Each phoneme model separating capacity to Application on Voiceprint Recognition is analyzed first.Training voice in view of each phoneme model Feature is less, in order to avoid crossing training problem, reduces the training parameter amount of each phoneme correlation model.Fig. 2 gives each Phoneme correlation model etc. error rate contrast.

From figure 2 it can be seen that first, in all phoneme correlation models, iVector is to be better than GMM- more by a small margin NAP model.Secondly, the EER numerical value of the worst consonant of performance " w " is five times of the EER of the best vowel of performance " an " or so.This Individual experimental result has directive function to practical application, and on-line system can be limited and push the bad numeral of performance, and such as " 5 [wu]”.
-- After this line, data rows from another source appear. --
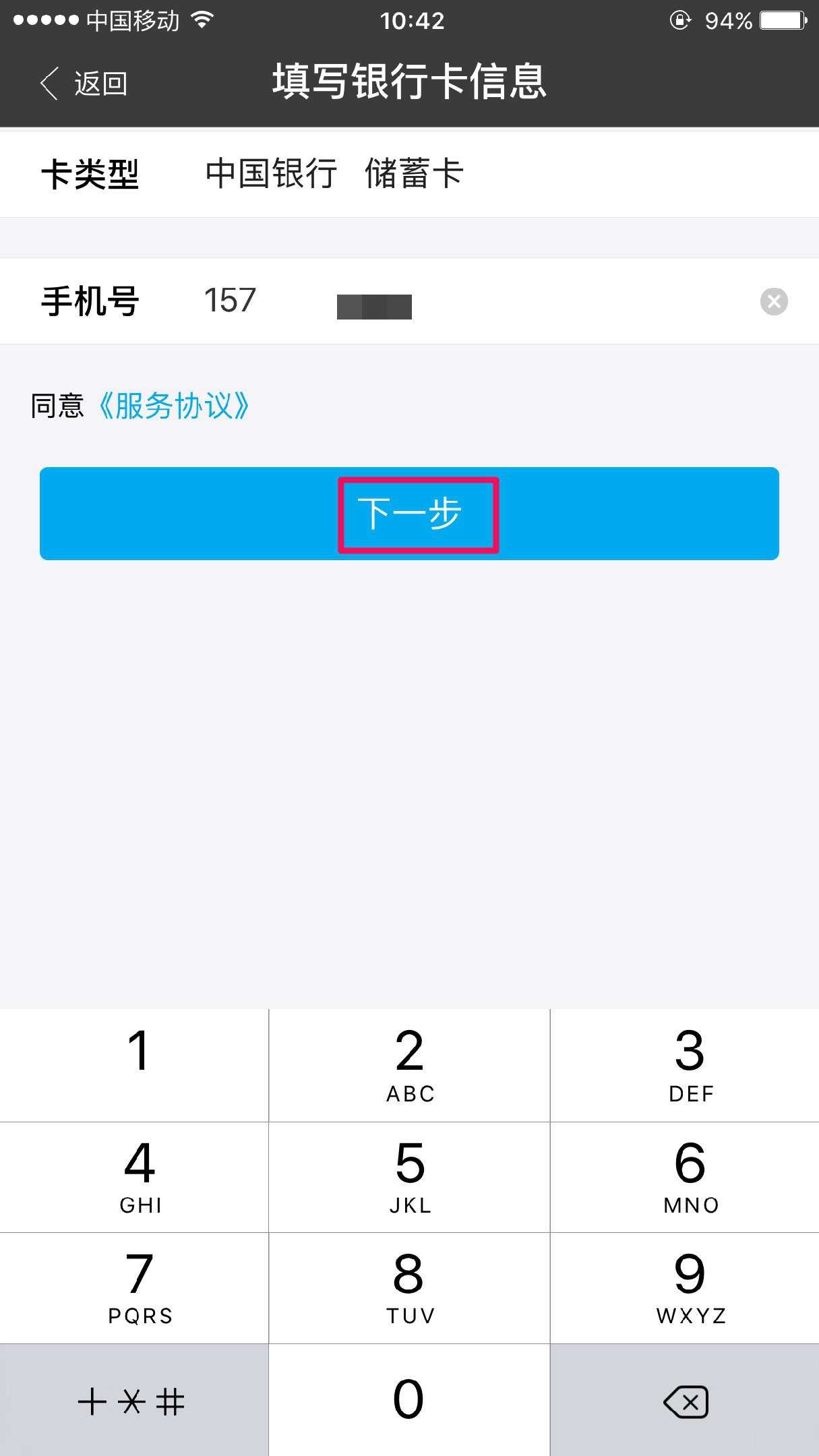 跳转到如下页面,填写储蓄卡类型与该银行卡在银行预留手机号
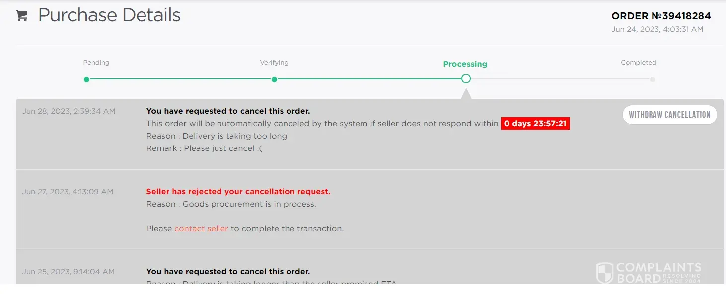 I placed an order for some currency on the 23rd, and typically, it takes only a few hours or a day for them to send it. However, it has now been 5 days, and I have yet to receive anything. To make matters worse, the seller keeps canceling my withdrawal requests, and despite sending numerous emails, they have not resolved the issue.
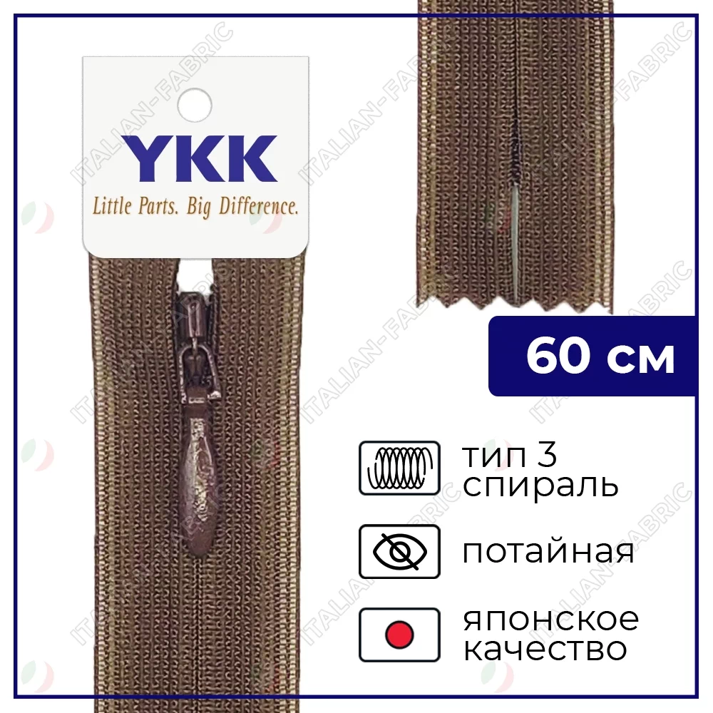 Молния YKK потайная неразъёмная, 60см, 3мм, цвет 568, мокко
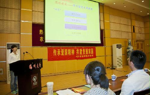 学生第一党支部支委束冬梅作支部工作交流
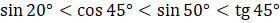 Funkcja sinus dla kątów ostrych jest rosnąca i jest zawsze mniejsza od 1, zatem im większy kąt, tym większa wartość sinusa.

By dropout neutral net rear end grader is trained, fusion output is carried out to the scores vector of phoneme correlation.Table 4 give phoneme correlation model using different rear ends graders etc. error rate contrast.Compare for convenience, give also here The authentication performance averaged by the phoneme associated score of GMM-NAP and iVector system.Fraction average formula is as follows：

Table 4：Phoneme correlation model using different rear ends graders etc. error rate contrast

From table 4, it can be seen that of the present invention based on phoneme information explicitly using the calculation with the fusion of neutral net rear end Method can effectively lift the systematic function of numeric string voiceprint.The result average compared to fraction, neutral net rear end is divided Class device etc. error rate lower, performance is more excellent.With GMM-NAP the and iVector Comparative result of table 2, register/recognize in three kinds of differences Under the conditions of card, the algorithm of phoneme correlation model and neutral net rear end grader is all achieved under about 20% or so relative EER Drop.
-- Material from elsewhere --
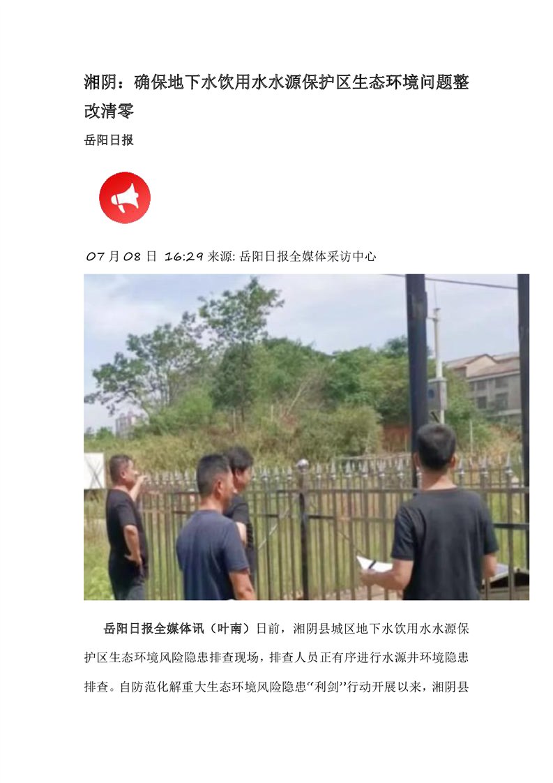 湘阴:确保地下水饮用水水源保护区生态环境问题整改清零

Presently preferred embodiments of the present invention is the foregoing is only, not in order to limit the present invention, all essences in the present invention Within god and principle, any modification, equivalent substitution and improvement that is made etc., should be included within the scope of the present invention.

Claims

1. a kind of voiceprint authentication system based on phoneme information, it is characterised in that include based on Chinese putonghua speech evaluator Phoneme force alignment module, phoneme correlation model creation module and based on dropout strategy neural network classifier mould Block；

The phoneme based on Chinese putonghua speech evaluator forces alignment module to be used for 16 phoneme classes to numeric string Cutting is not carried out；

The model creation module of the phoneme correlation is used for setting up phoneme correlation model, and analyzes each phoneme correlation model to sound The separating capacity of stricture of vagina certification；

The neural network classifier module based on dropout strategy is used for merging the complementary information of phoneme correlation model.

2. a kind of voiceprint authentication method based on phoneme information, it is characterised in that comprise the steps：

S01：Define 16 phoneme class of standard Chinese numeric string vocal print, explicit each pronunciation classification using numeric string Information；

S02：Based on Chinese putonghua speech evaluator, force alignment algorithm to obtain each using Viterbi and correspond to numeric string text The phoneme boundary of content, completes the phone segmentation to voice content, obtains belonging to the characteristic vector subclass of phoneme；

S03：Phoneme correlation model is set up using the unrelated algorithm of text；

S04：Phoneme correlation model is calculated, obtains scores vector.

3. the voiceprint authentication method based on phoneme information according to claim 2, it is characterised in that adopt in step S04 Dropout Strategies Training rear end integrated classification device in neural network algorithm.